Also, "Fooled by Randomness"


Also by Taleb "The Black Swan"


The most important book I ever read.


I can't recommend Taleb enough


How can you believe the efficient market theory after the events of October 2008? The stock market may be unpredictable, but it is far from rational. IMHO, the analysis "A Random Walk Down Wall St" does not really understand the nature of the modern stock market (although reading it is better than listening to Jim Cramer).


The efficient market hypothesis says that you cannot predict stock returns using past prices and indicators; future price movements are due to news. Since news are unpredictable (by definition), returns are random.

In October 2008 there were some pretty shocking news and the market went down. I don't see how that invalidates the hypothesis.

EMH might have its weaknesses, and it might be even seriously flawed. But it's not invalidated because there was a crash or because people do "irrational" things, unless this irrationality is predictable.

(I believe the definition of "news" must be a bit wide for the hypothesis to work. If a big investor changes his mind about his risk tolerance and decides to sell a big chunk of stock, this is "news".)

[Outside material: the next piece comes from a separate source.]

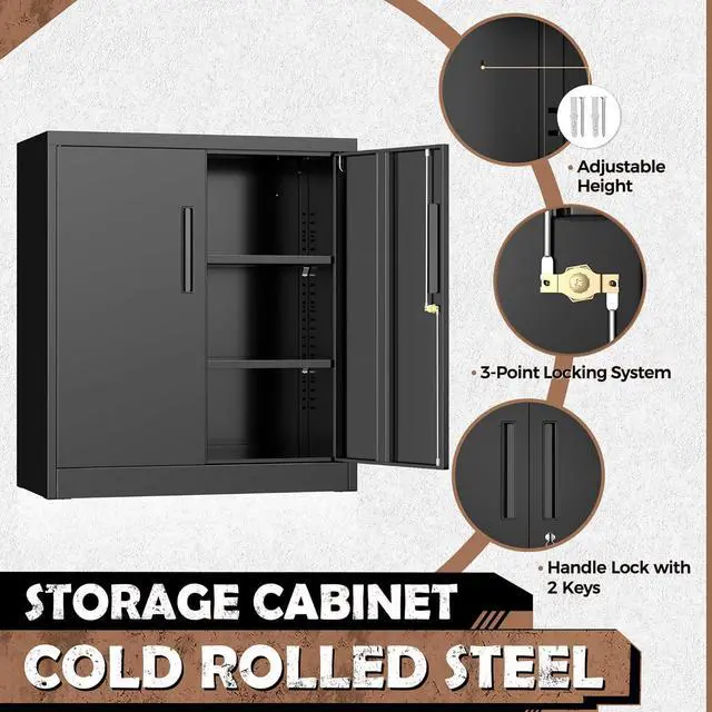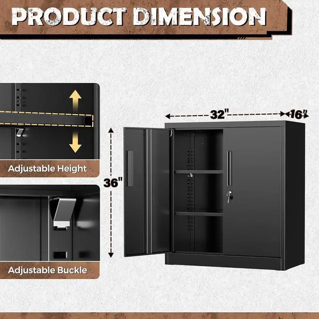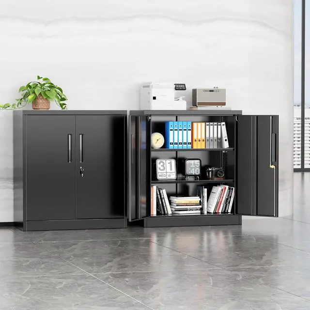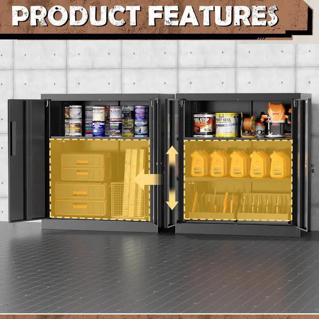 Humanized and Practical Design garage storage cabinet door doesn't make too much noise when you close the door. If you prefer a quiet cabinet, then our file cabinet will be a great choice. The 2 doors open at an angle of 180 degrees, making it easy for you to retrieve items. To prevent accidental collisions, there are 2 reserved holes at the back of our lockable storage cabinet. When you receive the goods, it is selectively for you to fix metal storage cabinet on the wall.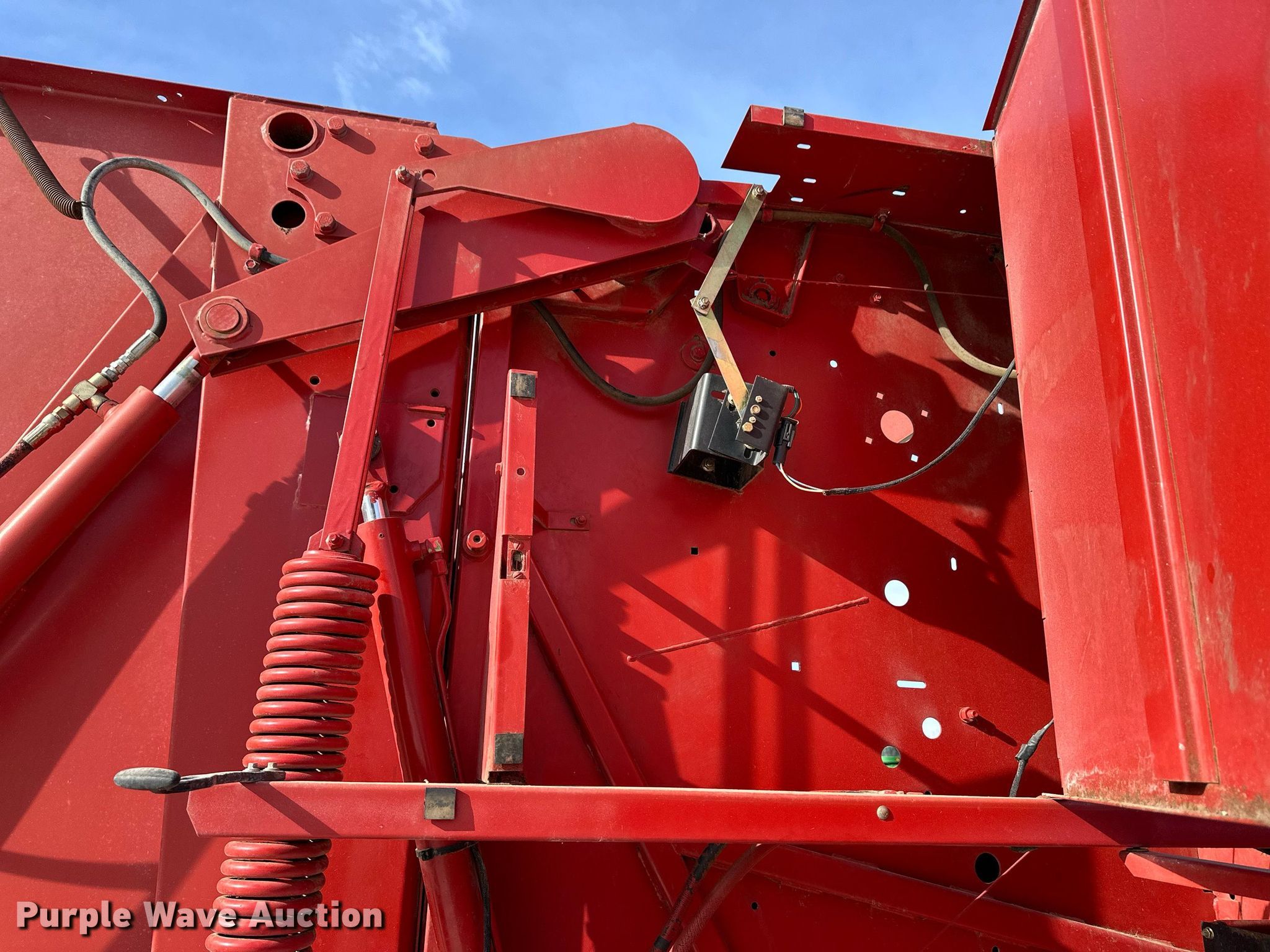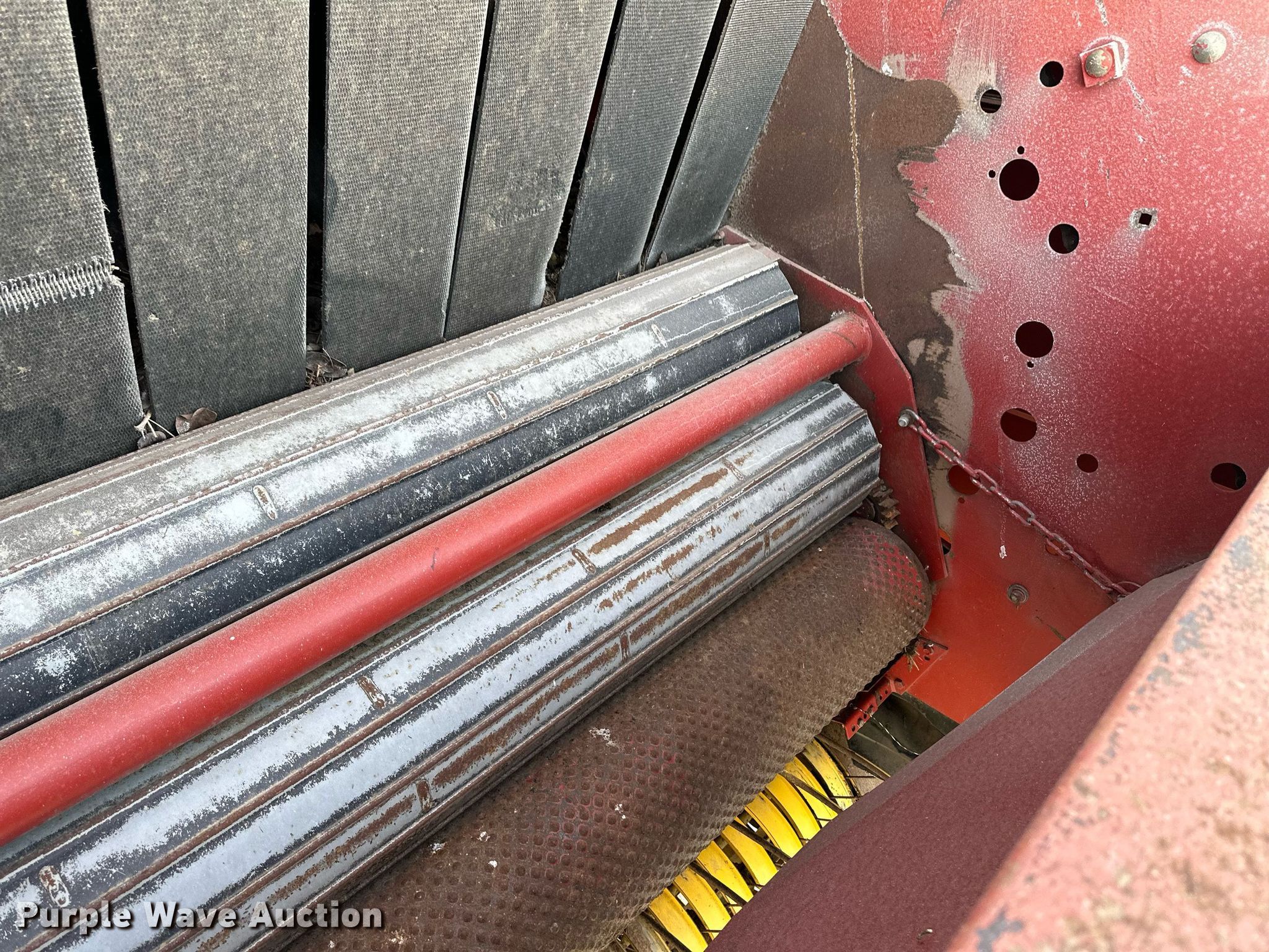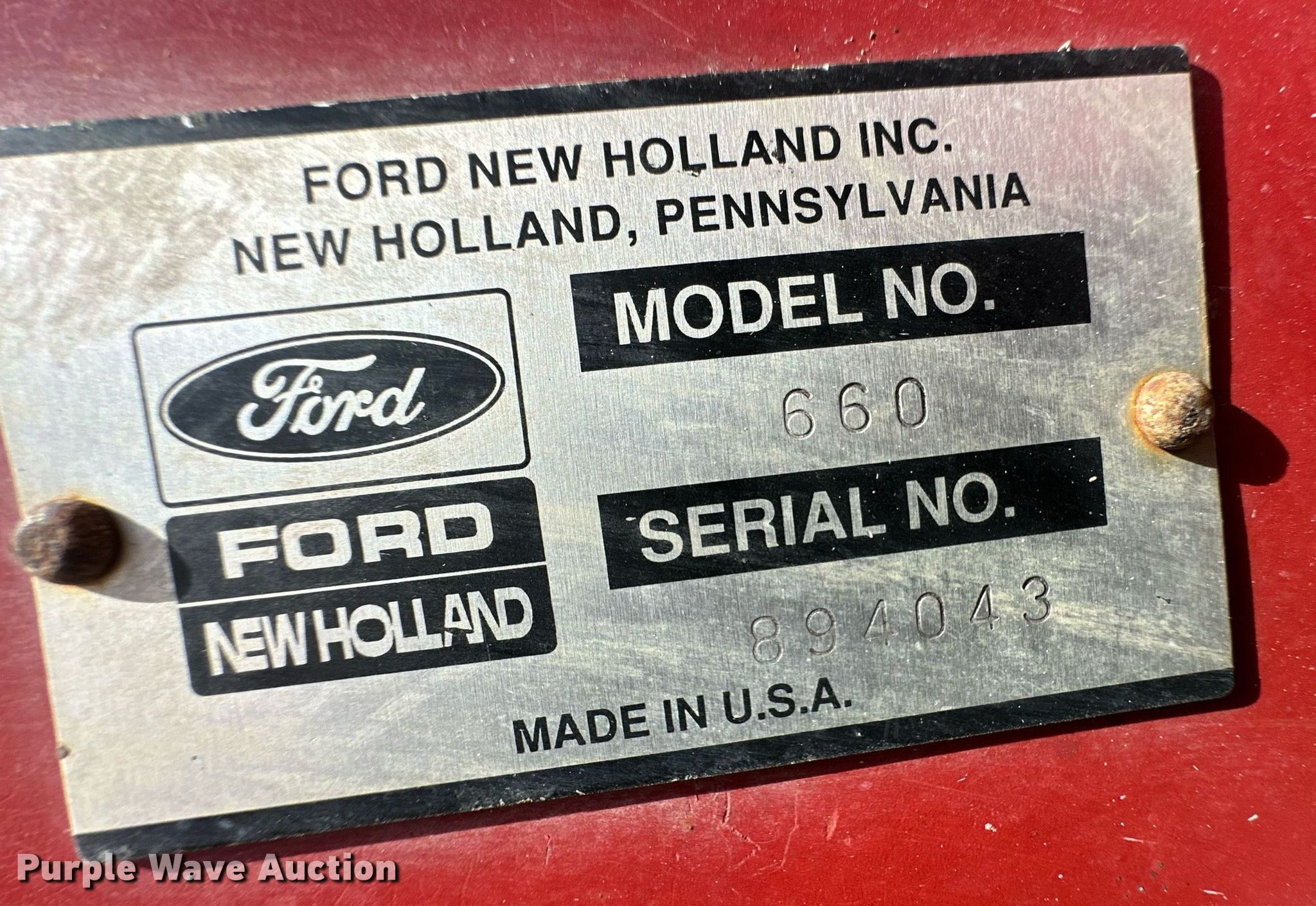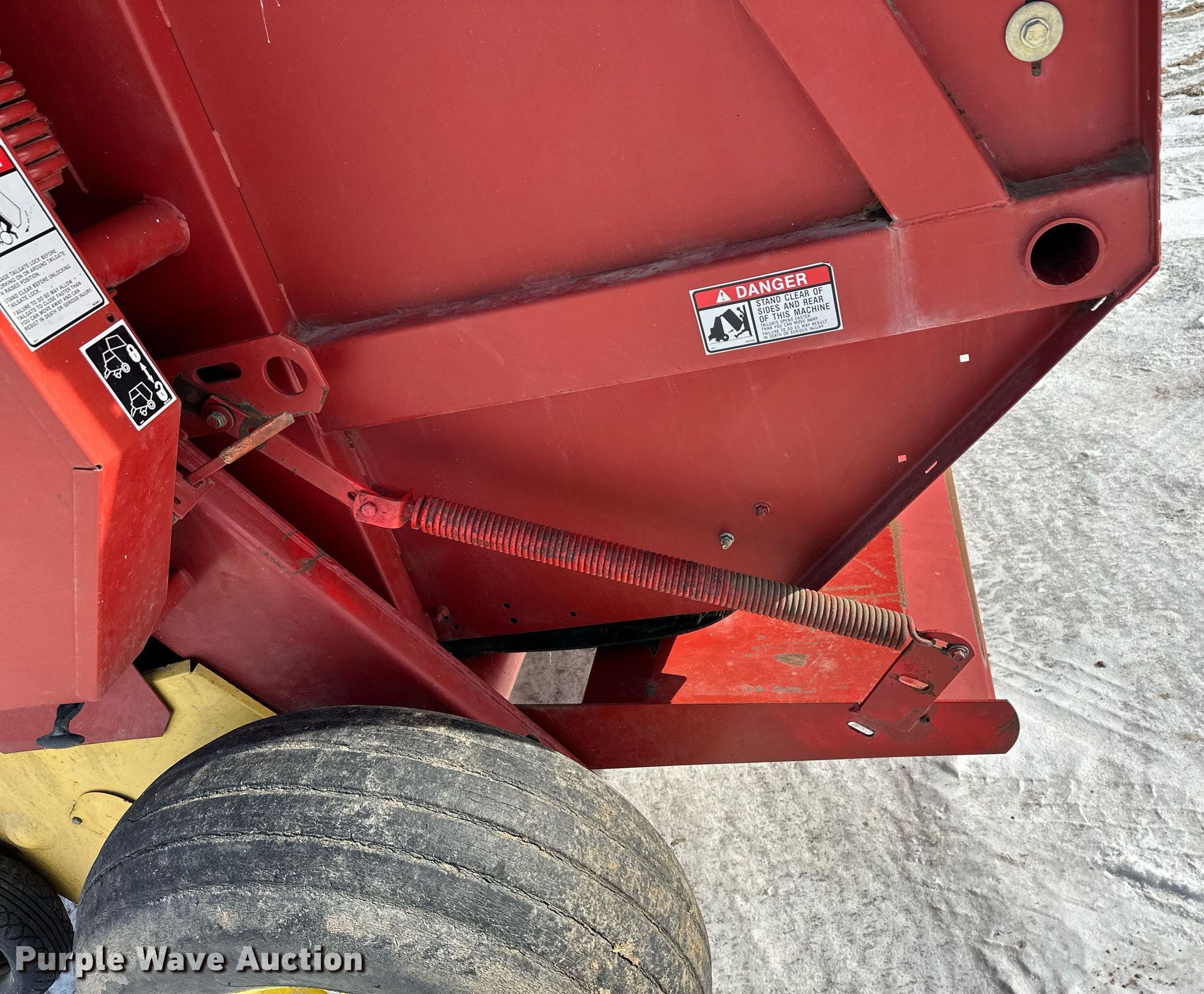 1994 New Holland New Holland round baler. Serial: 894043. Features PTO: 540, Monitor, Gauge wheels Size: 4.80-8, Pickup width: 5' 8", Hydraulic pickup lift, Twine tie, Bale ramp. Tires Size: 11L-14SL. Notes PTO shaft removed but included. Kinsley, KS 67547

It's not the crash that invalidates it, it's the extreme variance. At one point, the S&P had two swings of 10% in one day. These kinds of swings were common, and they often happened without any shocking news arriving in between the swings.

Since the mid-1980's, stocks have traded as collectibles, not as cash flows. Thus the price of stocks is not based on fundamentals, but on game theory. The stock market is a coordination game with massive feedback loops in it.

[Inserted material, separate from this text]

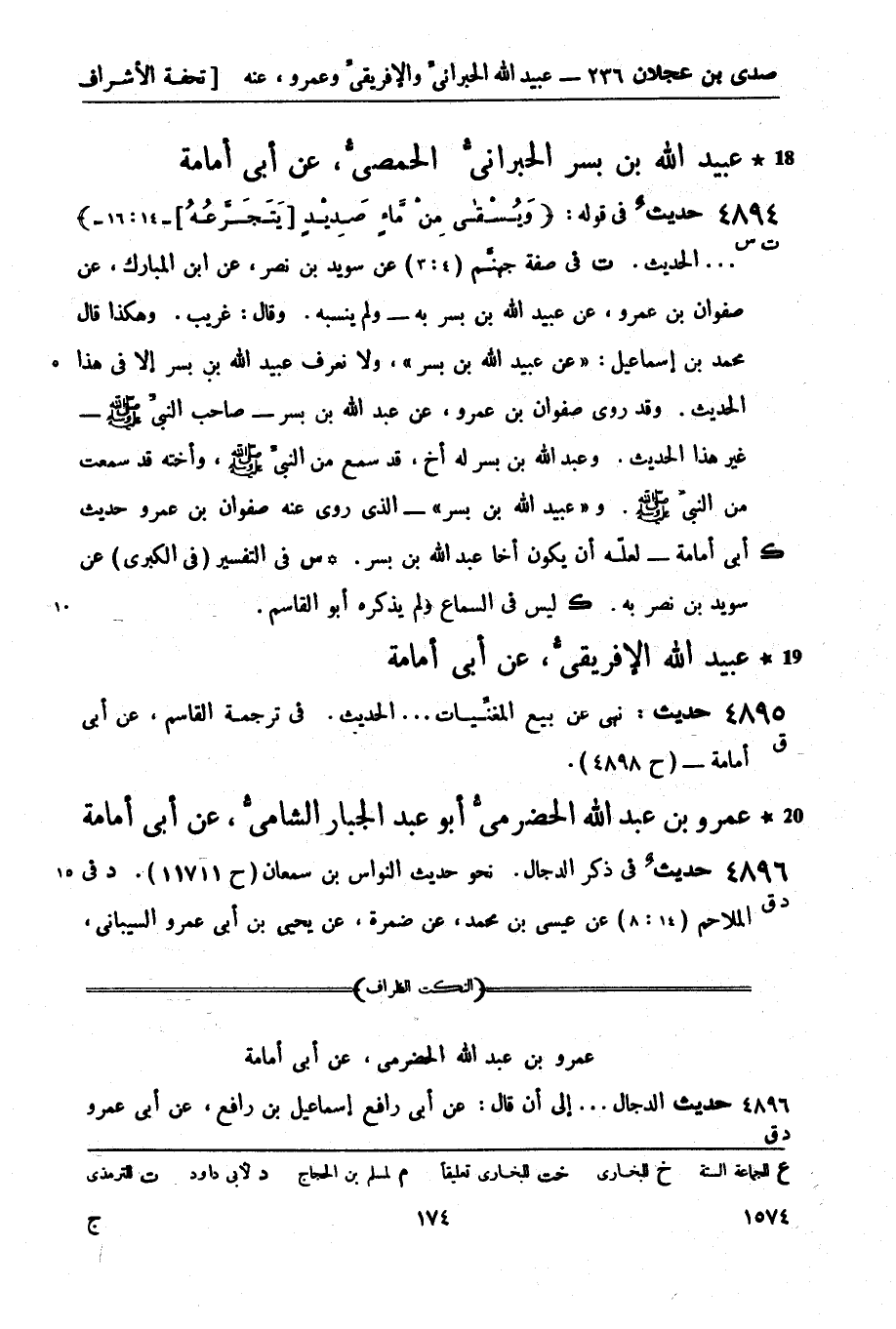 4894 -[ت س] حديثٌ في قوله: وَيُسْقى مِنْ مَّاءٍ صَدِيْدٍ [يَتَجَرَّعُهُ] (- 14: 16 -) ... الحديثَ. ت في صفة جهنَّم (4: 3) عن سويد بن نصر، عن ابن المبارك، عن صفوان بن عمرو، عن عُبَيد الله بن بسر بِهِ - ولم ينسبه، وقال: غريب. وهكذا قال محمد بن إسماعيل: عن عُبَيد الله بن بسر، ولا نعرف عُبَيد الله بن بسر إلا في هذا الحديث. وقد روى صفوان بن عمرو، عن عبد الله بن بسر - صاحب النبيِّ صَلَّى اللَّهُ عَلَيْهِ وَسَلَّمَ - غير هذا الحديث. وعبد الله بن بسر له أخ، قد سمع من النبيّ صَلَّى اللَّهُ عَلَيْهِ وَسَلَّمَ، وأخته قد سمعت من النبيّ صَلَّى اللَّهُ عَلَيْهِ وَسَلَّمَ. وعُبَيد الله بن بسر - الذي روى عنه صفوان بن عمرو حديث أبي أمامة - لعلّه أن يكون أخا عبد الله بن بسر. ك س في التفسير (في الكبرى) عن سويد بن نصر بِهِ. ك ليس في السماع ولم يذكره أبو القاسم.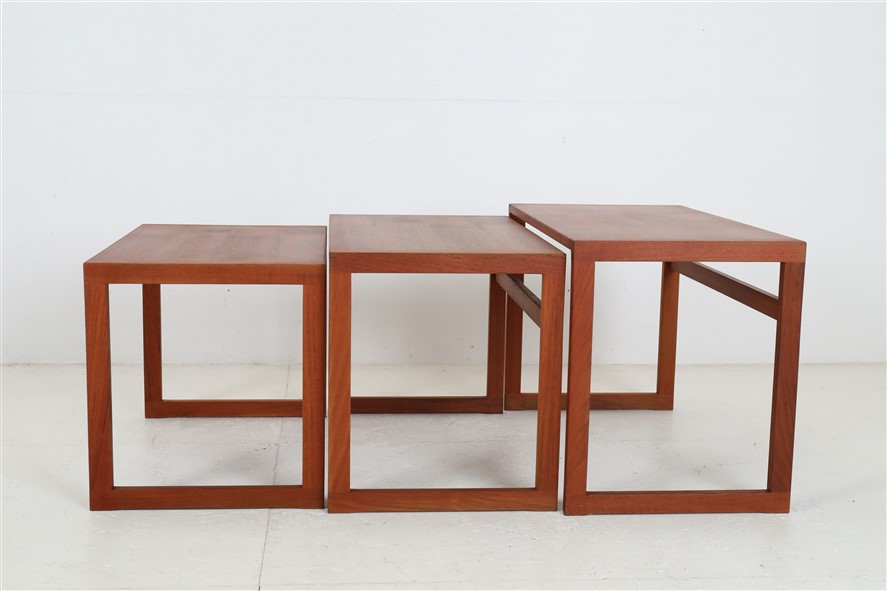3er-Set „#253“ Teak-Satztische von Kai Kristiansen / Mid Century Danish Modern Design / Minimalism / 60er

Just for the sake of clarity, my post didn't go so far as to endorse the efficient market hypothesis as 100% valid. I do however think it is fundamental to have an understanding of the basic precepts before diving in the market.


I would agree that the market is not purely efficient (in the EMH sense). But I don't think the inefficiencies are things that an individual investor with $2000 can reliably make money on.


EMT assumes an auction of rational buyers and sellers.


I would also highly recommend reading a biography of Warren Buffett. I just read "The Snowball", but there's also a shorter one out now as well.